--- Dataset records ---
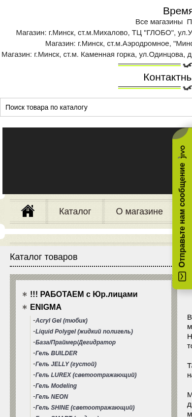 | AI-анализ | This online resource is an e-commerce website dedicated to selling various products for professionals in the beauty industry, including manicurists, pedicurists, cosmetologists, makeup artists, and hairstylists. The title of the website is "Интернет магазин для мастеров маникюра, педикюра, косметологов, визажистов, парикмахеров" (Internet Shop for Masters of Manicure, Pedicure, Cosmetologists, Makeup Artists, and Hairdressers). The description section includes information about the shop's operating hours, which are from 10:00 to 20:00 on weekdays, and the locations of its three physical stores in Minsk, Belarus. The keywords used to describe the website include "гель" (gel), "ге |
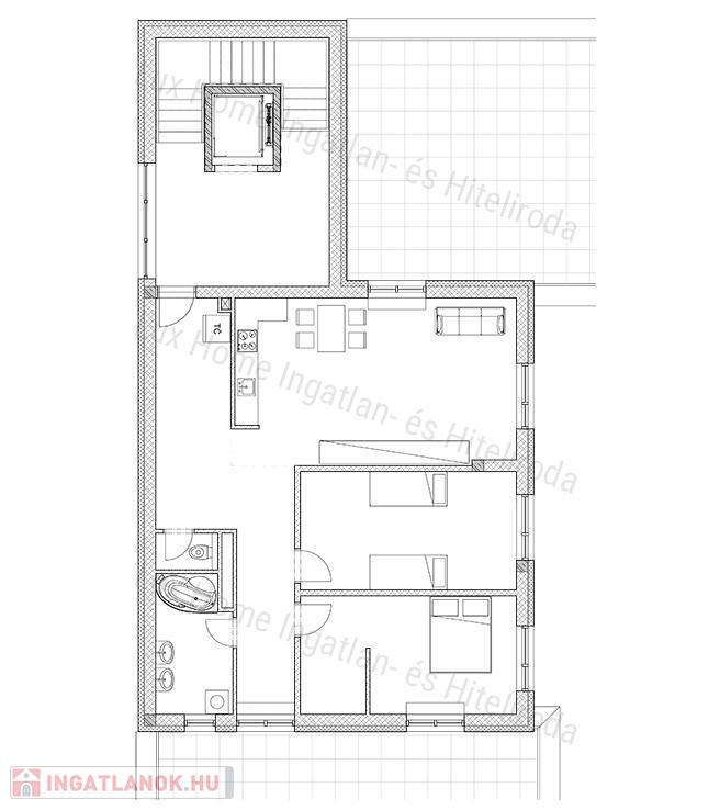 - 26,33 nm nappali konyhával
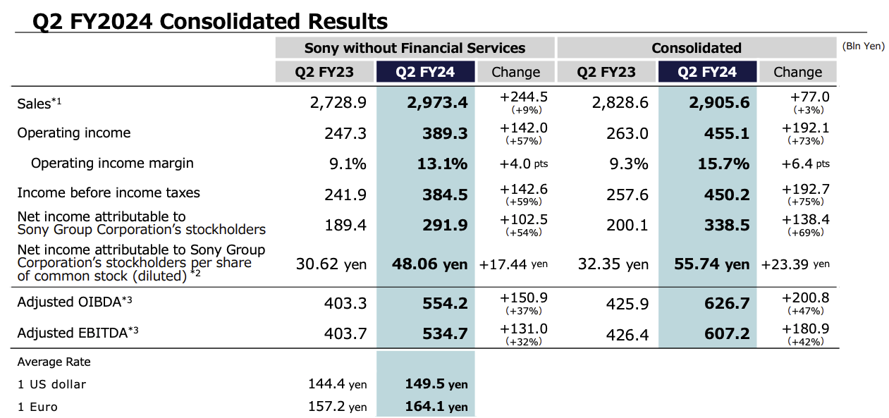 11月8日,索尼集团发布2024财年第二季度财报。第二财季营收为2.9056万亿日元,同比增长3%;营业利润为4551亿日元,同比增长73%;净利润达3385亿日元,同比增长69%。
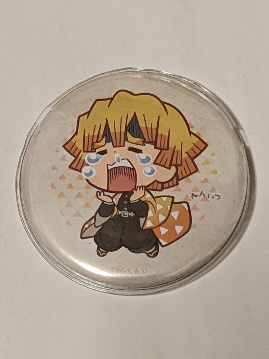 - 鬼滅の刃 缶バッジ 我妻善逸 カバー付 大きめ
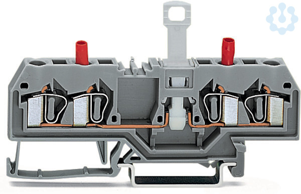 2-Leiter-Trenn- und Messklemme. mit berührungssicheren Prüfbuchsen. für Tragschiene 35 x 15 und 35 x 7,5. 4 mm². CAGE CLAMP®. 4,00 mm². grau
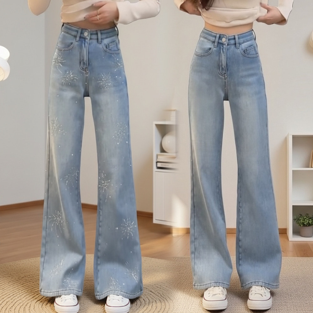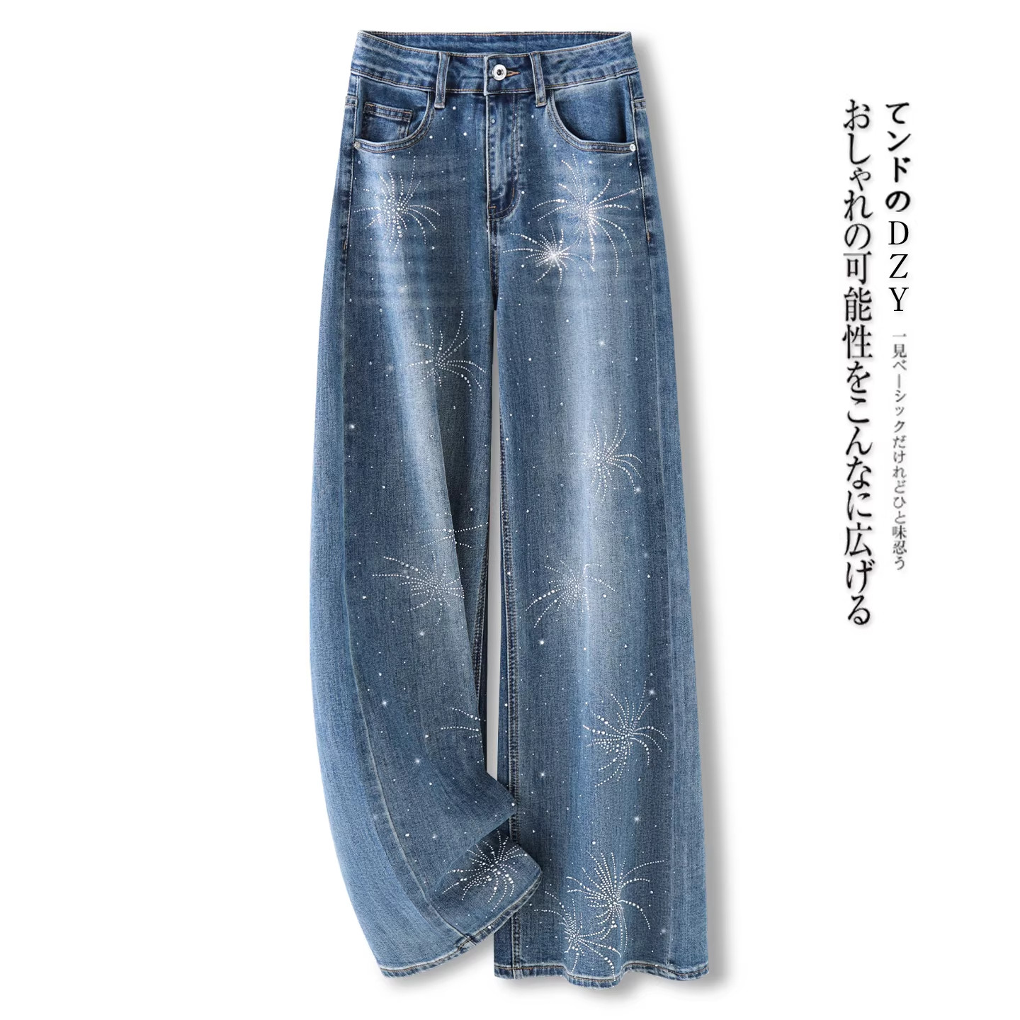时尚烟花烫钻阔腿牛仔裤女2026春季新款洋气高腰显瘦垂感直筒长裤

--- Exercise aim ---
Lines from the one with "2-Leiter-Trenn- und Messklemme." through the final line of the records are the whole answer; print them exactly, minus any pictures.

--- Reply ---
 2-Leiter-Trenn- und Messklemme. mit berührungssicheren Prüfbuchsen. für Tragschiene 35 x 15 und 35 x 7,5. 4 mm². CAGE CLAMP®. 4,00 mm². grau
时尚烟花烫钻阔腿牛仔裤女2026春季新款洋气高腰显瘦垂感直筒长裤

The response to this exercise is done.